La tentation du centon signifie soit des bêtises, soit un morceau de


poésie, où l’on regroupe différents auteurs. Le centon est un genre
littéraire en soit, même si marginalisé.Le figure de proue du genre est
un poète bordelais du IVème siècle, nommé Ozone. Il a composé
“Centon de Mariage”, un épithalame, un discours en vers pour souhaiter
le bonheur aux mariés. Il s’agit d’un collage, une rapsodie de 4 poèmes
de vergil.Il a pour but de fournir un travail de ces œuvres et donne un
autre sens. Une autre poétesse, Faltonia Betitia Proba, fera la même
chose qu’Ozone, avec “cento vergilianus”. De ce fait, même si il connaît
la tradition du centon, il ne cherche pas à faire un centon caché : il
cherche juste à s’appuyer sur l’avis des autres pour appuyer ces propos
: “Je ne dis les autres que d’autant plus en dire.
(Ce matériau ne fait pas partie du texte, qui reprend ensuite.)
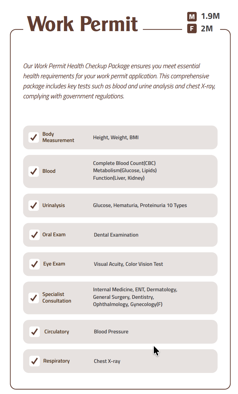 The Work Permit Check-up Package helps meet health requirements set by the government, including blood tests, urine tests, and chest X-ray.
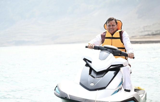 टिहरी। लाइफ जैकेट पहने सीएम पुष्कर सिंह धामी शुक्रवार को जब टिहरी झील के करीब पहुंचे, तो उनके पास दो विकल्प थे। या तो वह अपने मंत्रिमंडल के सहयोगी सुबोध उनियाल और अपने विधायक साथियों के साथ पहले बोटिंग करते या फिर एक गाइड के साथ अकेले ही जेट स्की का आनंद लेने निकल पड़ते। उन्होंने जेट स्की पर हाथ आजमाना चुना और निकल पडे़ रोमांच के सफर पर। बाद में उन्होंने बोटिंग भी की।
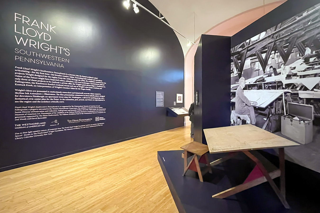 An immersive mural of Wright in his Taliesin drafting room, anchored by his drafting table and stool, greeted visitors at the exhibition entrance. As they moved through the galleries, animations transformed unbuilt designs into vivid possibilities. The tri-screen finale enveloped visitors in his visionary world, leaving many inspired by the ambition and imagination behind his work.
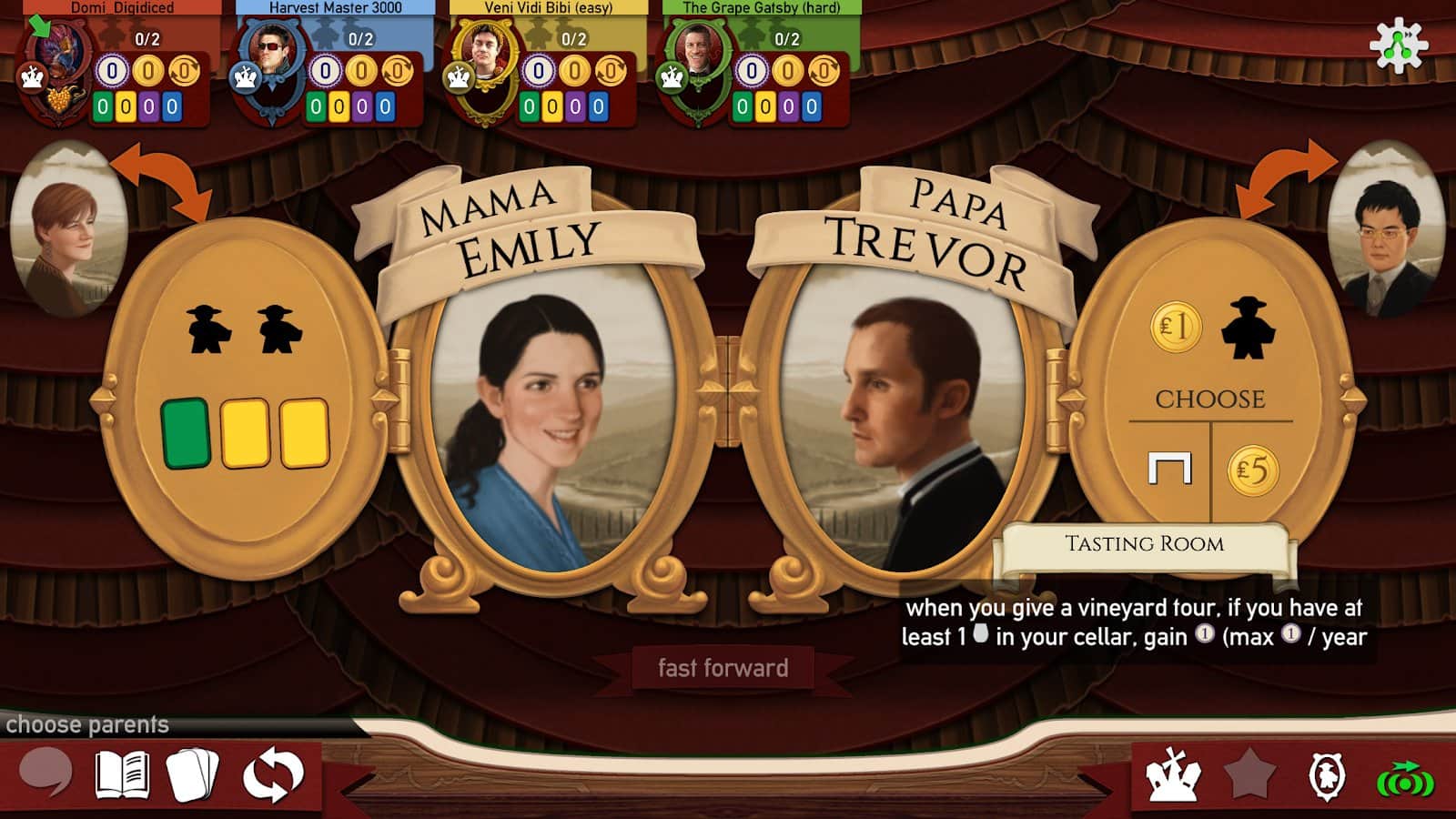 Toskana'da, miras aldığınız bakımsız bir bağ ile eski bir köyde bulunuyorsunuz. Birkaç tarlanız, eski bir şarap presiniz, küçük bir mahzeniniz, 3 işçiniz var... ve şarapçılığınızı İtalya'nın en iyisi yapmak için bir hayaliniz var. Göreviniz işçileri dağıtmak, misafirleri kabul etmek ve yıl boyunca görevleri yerine getirmektir. Her mevsim bağda diğerinden farklıdır. Yaz ve kış aylarında işçilerin görevleri tamamen farklıdır. Burada rekabet serttir ve çoğu zaman bir görevi üstlenen ilk işçi diğerlerine göre avantaj elde eder. İşçileri kullanarak ve misafirleri kabul ederek binalar inşa edebilir, üzüm dikebilir ve siparişleri yerine getirerek amacınıza doğru ilerleyebilirsiniz - şarapçılığınızı ülkedeki en başarılı hale getirmek.
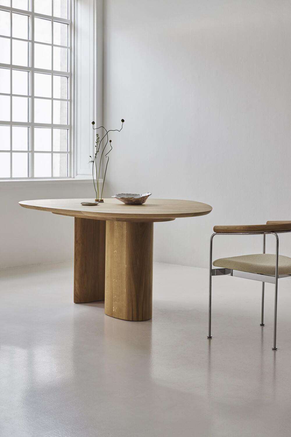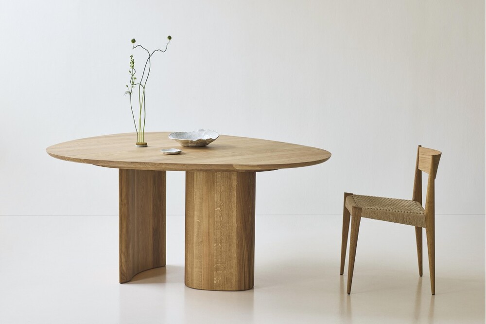 The Tangent Table is created for dk3 by Danish architect and designer Anne Boysen. Inspired by organic forms and sculptural geometry, she has created a modern dining table that combines aesthetics and function in perfect harmony. The table comes in a rectangular and a round version, each interpreting the distinct and original design characterized by its asymmetrical tabletop and unique base. The design idea for the Tangent Table Round began with Anne Boysen’s wish to create a table, where everyone around the table can participate equally in the gathering. Other round tables with extension leaves can create too much distance, but the Tangent Table Round is made with closeness and socialization in mind.

Ceci ne touche pas le
centons qui se publient pour centons”

Si il est établi que Montaigne ne cite pas pour simplement citer, ou pour
montrer sa culture, alors pourquoi il cite, et qui cite t-il le plus. Les
auteurs très fréquemment cités de l’antiquité sont Plutarque, cité 89 fois
dans “Essais” (23 ds la livre 1), Sénèque : 43 fois et Platon 103 fois,
Aristote : 83 (17 fois dans le livre 1). Plutarque est surtout cité dans le
livre 2, chapitre 32. Sénèque apparaît le plus dans le livre 2, ch
Chapitre 10 et dans le livre 3, chapitre 13. Pour Platon et Aristote,
Montaigne les cite surtout dans le livre 2, chapitre 12. Pourta
Cependant, ces statistiques doivent être affinées. Pour Platon,
c’est pour évoquer sa doctrine, et non pas directement au sein d’un
texte, même si c’est lui, qui est le plus cité dans le livre

La typologie des citations, et la certaine variété qu’il y a dans la citation


de l’auteur. Des fois, il s’agit d’un auteur, avec une retranscription
stricte, mais, on retrouve aussi des citations plus abstraites, on le
distingue l'auteur qui a dit cela. On retrouve 4/5 niveaux de mobilisation.
D’abord, il y a une évocation de l’auteur, sans pour autant l’évoquer de
façon insistante : il sort une citation qui ressemble à ce que peut écrire
un auteur, et c’est au lecteur de savoir de qui l’on parle. Ensuite, il y a
les citations de l’auteur à travers des citations de ce que l’auteur a fait.
Par exemple, il cite Horace sans le nommer, à travers une citation
précise, qui fait écho à la culture de son lecteur.. La nomination
générique : Montaigne cite l’auteur auquel il fait référence, mais de
façon assez lointaine : il citera l’auteur, mais avec une citation assez
imprécise. Enfin, Montaigne cite de façon assez précise l’auteur, c’est-
à-dire le nom de l’auteur et de la citation, sans doute même de l’oeuvre.
Une dernière façon est de faire un commentaire stylistique d’un auteur.